* _PROVIDED MATERIAL_
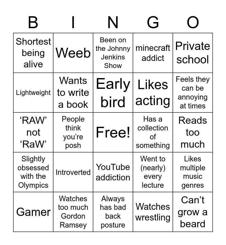 This bingo card has a free space and 24 words: Introverted, Watches too much Gordon Ramsey, Early bird, Gamer, Private school, Shortest being alive, Lightweight, Weeb, Has a collection of something, YouTube addiction, Likes acting, ‘RAW’ not ‘RaW’, Went to (nearly) every lecture, Likes multiple music genres, Wants to write a book, Watches wrestling, Reads too much, Been on the Johnny Jenkins Show, Feels they can be annoying at times, People think you’re posh, Can’t grow a beard, Slightly obsessed with the Olympics, minecraft addict and Always has bad back posture.
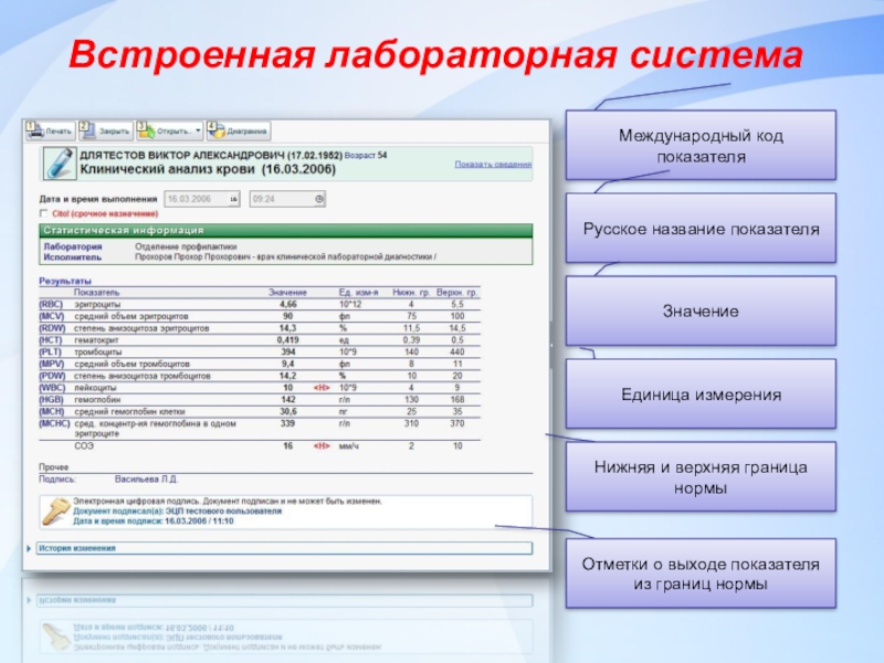Отметки о выходе показателя из границ нормы
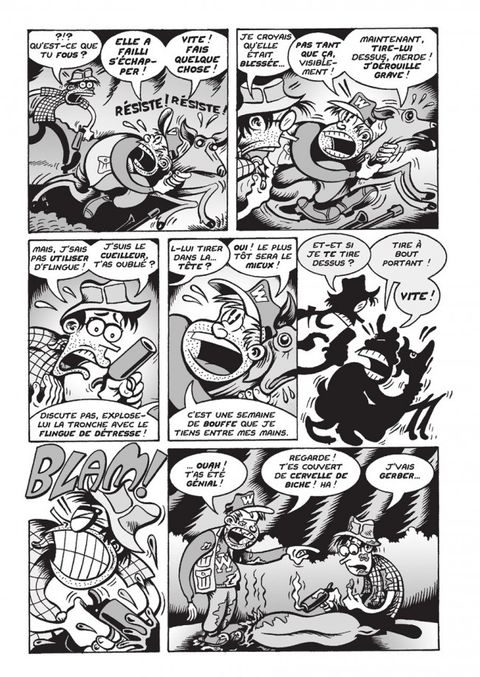 Kim Jong-il balance une bombe atomique sur Seattle, pendant que Perry - informaticien de son état - et Gordo, apôtre du retour à la nature, se baladent dans les bois de la région. Perry et Gordo sont plongés dans l'impitoyable lutte pour la vie dans un décor post-apocalyptique digne d'un The Day After dirigé par Claude Zidi ! Au fil des pages, toujours aux prises avec des situations de plus en plus inconfortables, les deux compères glissent inéluctablement de l'instinct primordial de survie à la dépravation, la cruauté et le mal absolu. Ce qui offre la possibilité à leur créateur de disserter sur des thèmes qui vont des valeurs familiales aux relations entre les sexes, de la paranoïa qui imprègne la société contemporaine aux effets dévastants de la diarrhée ; toujours avec l'humour acéré qui est le sien. Sur un rythme moins frénétique et déglingué que dans Hate ou les Bradleys, Bagge focalise son récit sur des considérations philosophiques sur la vie et la mort et se démontre en tout cas beaucoup plus indulgent avec ses personnages, tels Perry, l'everyman totalement désemparé face à des situations extrêmes. Si le récit se fait plus linéaire et fluide, loin des retournements explosifs de la saga de Buddy Bradley, Peter Bagge reste pourtant incapable de dessiner sans nous pousser au fou rire, même dans les circonstances les plus dramatiques. Proche des dernières expériences de Bagge, qui s'est récemment consacré au journalisme politique dans les pages de Reason ou sur suck.com, Apocalypse Nerd témoigne de l'extraordinaire vitalité créative de cet incontournable auteur.

* _EXERCISE AIM_
Only the pictures are to be left out; print everything else in the listing exactly.

* _ANSWER TO THE EXERCISE_
 This bingo card has a free space and 24 words: Introverted, Watches too much Gordon Ramsey, Early bird, Gamer, Private school, Shortest being alive, Lightweight, Weeb, Has a collection of something, YouTube addiction, Likes acting, ‘RAW’ not ‘RaW’, Went to (nearly) every lecture, Likes multiple music genres, Wants to write a book, Watches wrestling, Reads too much, Been on the Johnny Jenkins Show, Feels they can be annoying at times, People think you’re posh, Can’t grow a beard, Slightly obsessed with the Olympics, minecraft addict and Always has bad back posture.
Отметки о выходе показателя из границ нормы
 Kim Jong-il balance une bombe atomique sur Seattle, pendant que Perry - informaticien de son état - et Gordo, apôtre du retour à la nature, se baladent dans les bois de la région. Perry et Gordo sont plongés dans l'impitoyable lutte pour la vie dans un décor post-apocalyptique digne d'un The Day After dirigé par Claude Zidi ! Au fil des pages, toujours aux prises avec des situations de plus en plus inconfortables, les deux compères glissent inéluctablement de l'instinct primordial de survie à la dépravation, la cruauté et le mal absolu. Ce qui offre la possibilité à leur créateur de disserter sur des thèmes qui vont des valeurs familiales aux relations entre les sexes, de la paranoïa qui imprègne la société contemporaine aux effets dévastants de la diarrhée ; toujours avec l'humour acéré qui est le sien. Sur un rythme moins frénétique et déglingué que dans Hate ou les Bradleys, Bagge focalise son récit sur des considérations philosophiques sur la vie et la mort et se démontre en tout cas beaucoup plus indulgent avec ses personnages, tels Perry, l'everyman totalement désemparé face à des situations extrêmes. Si le récit se fait plus linéaire et fluide, loin des retournements explosifs de la saga de Buddy Bradley, Peter Bagge reste pourtant incapable de dessiner sans nous pousser au fou rire, même dans les circonstances les plus dramatiques. Proche des dernières expériences de Bagge, qui s'est récemment consacré au journalisme politique dans les pages de Reason ou sur suck.com, Apocalypse Nerd témoigne de l'extraordinaire vitalité créative de cet incontournable auteur.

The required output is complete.